▶ [Task item]:
The data should be written out in full, exactly as it stands, and the pictures dropped.

▶ [Available data]:
• • • • •
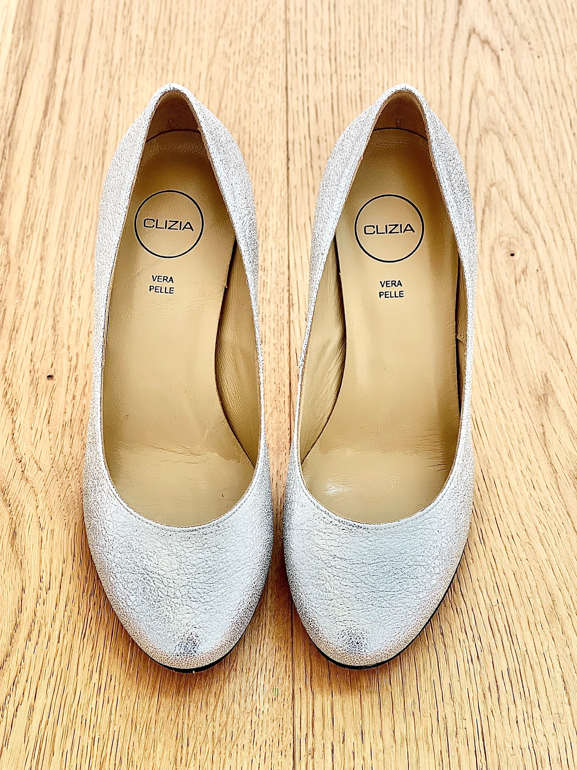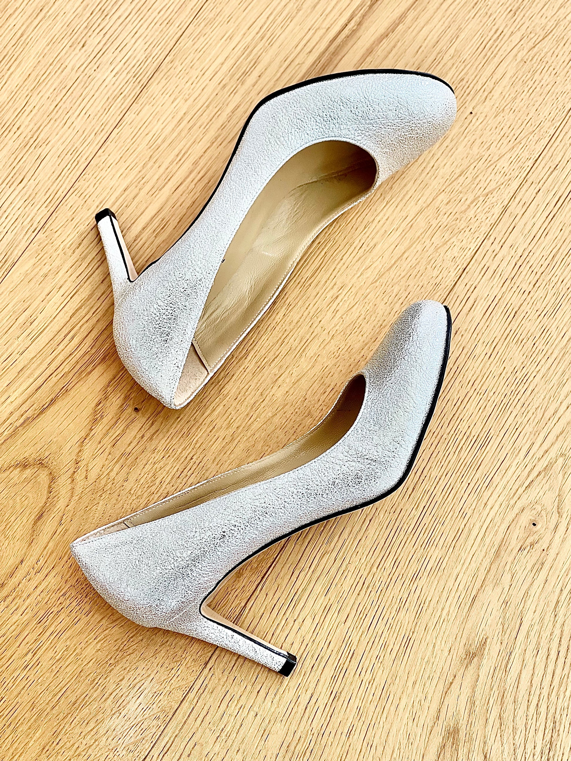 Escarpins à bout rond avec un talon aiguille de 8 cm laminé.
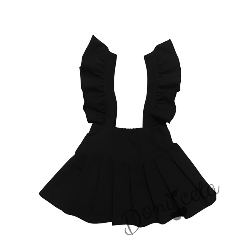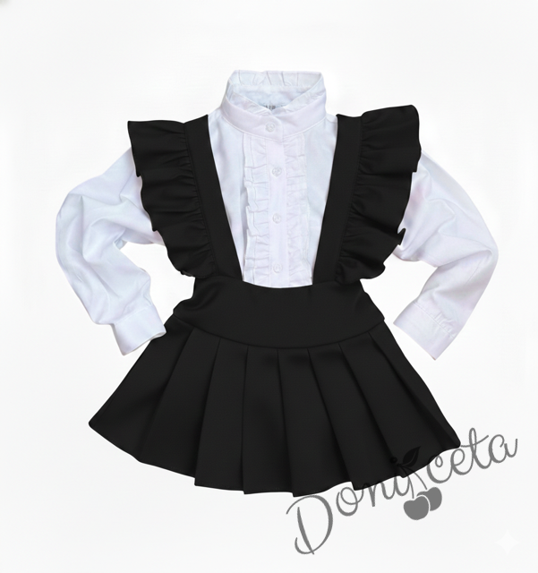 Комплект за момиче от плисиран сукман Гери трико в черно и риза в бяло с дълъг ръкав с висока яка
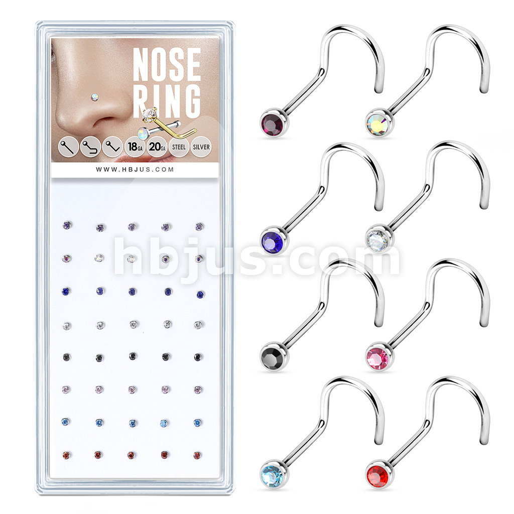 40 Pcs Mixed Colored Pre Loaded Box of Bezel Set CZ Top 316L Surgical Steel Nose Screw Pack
• • • • •
▶ [Response]:
 Escarpins à bout rond avec un talon aiguille de 8 cm laminé.
 Комплект за момиче от плисиран сукман Гери трико в черно и риза в бяло с дълъг ръкав с висока яка
 40 Pcs Mixed Colored Pre Loaded Box of Bezel Set CZ Top 316L Surgical Steel Nose Screw Pack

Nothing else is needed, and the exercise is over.